Pubblicato lunedì 05 marzo 2012 da Massimo Lanzilotti in: Mutui

L’anatocismo viene praticato oltre che sui conti correnti anche sui mutui ordinari. Solitamente le banche usano calcolare gli interessi di mora non sulla quota capitale impagata ma sull’intero importo della rata, generando una produzione di interessi su interessi. La Cassazione si era pronunciata anche su questa forma di anatocismo, stabilendo che la pattuizione intervenuta preventivamente all’atto della stipula del mutuo con la quale si prevede la corresponsione di interessi di mora sulle rate scadute e non pagate già comprensive degli interessi corrispettivi, costituisce violazione del divieto di anatocismo, secondo la disciplina dettata dall’art. 1283 c.c..

Anche la Corte di Cassazione ha ribadito che “in ipotesi di mutuo per il quale sia previsto un piano di restituzione differito nel tempo, mediante pagamento di rate costanti comprensive di parte del capitale e degli interessi, questi ultimi conservano la loro natura e non si trasformano invece in capitale da restituire al mutuante, cosicché la convenzione, contestuale alla stipulazione del mutuo, la quale  stabilisca che sulle rate scadute decorrano gli interessi sull’intera somma integra un fenomeno anatocistico, vietato dall’art. 1283 c.c.”.

Un ulteriore aspetto, ancora più importante, riguarda i mutui basati sull'ammortamento "alla francese", nel quale le rate sono costanti, composte dalla somma di quota capitale (che cresce progressivamente) e quota interessi (che cala al pagamento delle rate) e calcolate con la formula dell'interesse composto (cioé del calcolo di interessi sugli interessi).

Il Tribunale di Bari (sezione distaccata di Rutigliano, giudice Pietro Mastronardi) ha pronunciato un sentenza, applicabile alla massima parte dei contratti in Italia, affermando che il calcolo dell'interesse nel piano di ammortamento deve essere trasparente ed eseguito secondo le regole matematiche dell'interesse semplice e non di quello composto utilizzato appunto nell'ammortamento "alla francese". Il Codice Civile richiede il calcolo dell'interesse giorno per giorno (articolo 820/821), non può essere applicato quello composto se non nei limiti dell'articolo 1283 che prevede che il patto anatocistico (cioè di capitalizzazione composta) sia successivo alla maturazione dell'interesse e mai precedente, come invece accade nell'ammortamento "alla francese".

La banca, che utilizza nel contratto questo tipo di capitalizzazione, viola non solo l'articolo 1283 del Codice Civile ma anche l'articolo 1284 che, in caso di mancata determinazione e specificazione o di incertezza (tra tasso nominale contrattuale e tasso effettivo del piano di ammortamento allegato al contratto), impone l'applicazione del tasso legale semplice e non quello ultralegale, indeterminato o incerto.
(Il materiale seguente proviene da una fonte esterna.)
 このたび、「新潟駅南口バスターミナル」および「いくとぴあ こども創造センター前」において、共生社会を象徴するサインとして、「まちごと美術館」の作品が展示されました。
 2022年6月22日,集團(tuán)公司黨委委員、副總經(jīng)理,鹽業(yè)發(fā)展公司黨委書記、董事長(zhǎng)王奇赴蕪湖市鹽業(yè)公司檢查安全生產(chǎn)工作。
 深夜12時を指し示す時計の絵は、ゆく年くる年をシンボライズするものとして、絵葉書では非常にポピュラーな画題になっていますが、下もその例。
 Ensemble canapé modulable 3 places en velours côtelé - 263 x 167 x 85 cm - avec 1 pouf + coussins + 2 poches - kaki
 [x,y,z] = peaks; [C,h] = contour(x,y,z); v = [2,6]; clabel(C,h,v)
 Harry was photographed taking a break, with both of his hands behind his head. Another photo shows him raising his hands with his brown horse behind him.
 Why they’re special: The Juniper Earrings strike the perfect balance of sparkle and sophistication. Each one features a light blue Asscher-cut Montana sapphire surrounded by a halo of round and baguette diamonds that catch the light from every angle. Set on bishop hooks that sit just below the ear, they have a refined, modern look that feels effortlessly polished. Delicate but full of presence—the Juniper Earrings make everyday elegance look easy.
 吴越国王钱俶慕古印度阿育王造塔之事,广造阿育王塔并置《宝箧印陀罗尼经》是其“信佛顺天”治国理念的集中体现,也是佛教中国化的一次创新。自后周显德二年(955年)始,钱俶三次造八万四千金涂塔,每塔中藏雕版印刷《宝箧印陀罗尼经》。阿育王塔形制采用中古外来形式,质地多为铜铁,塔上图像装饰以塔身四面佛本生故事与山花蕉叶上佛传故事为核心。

Questo significa che la maggior parte dei mutui stipulati devono essere ricalcolati utilizzando l’interesse semplice al tasso legale con notevole risparmio per tutti i mutuatari.

 

LM Lab è un team di professionisti che, da oltre dieci anni e su tutto il territorio nazionale, svolge attività di consulenza strategica e controllo di gestione finanziaria. Nel dettaglio ci occupiamo del rapporto Banca-Impresa, di analizzare e risolvere tutte le problematiche che ogni azienda incontra nella sua vita d'impresa con il sistema bancario.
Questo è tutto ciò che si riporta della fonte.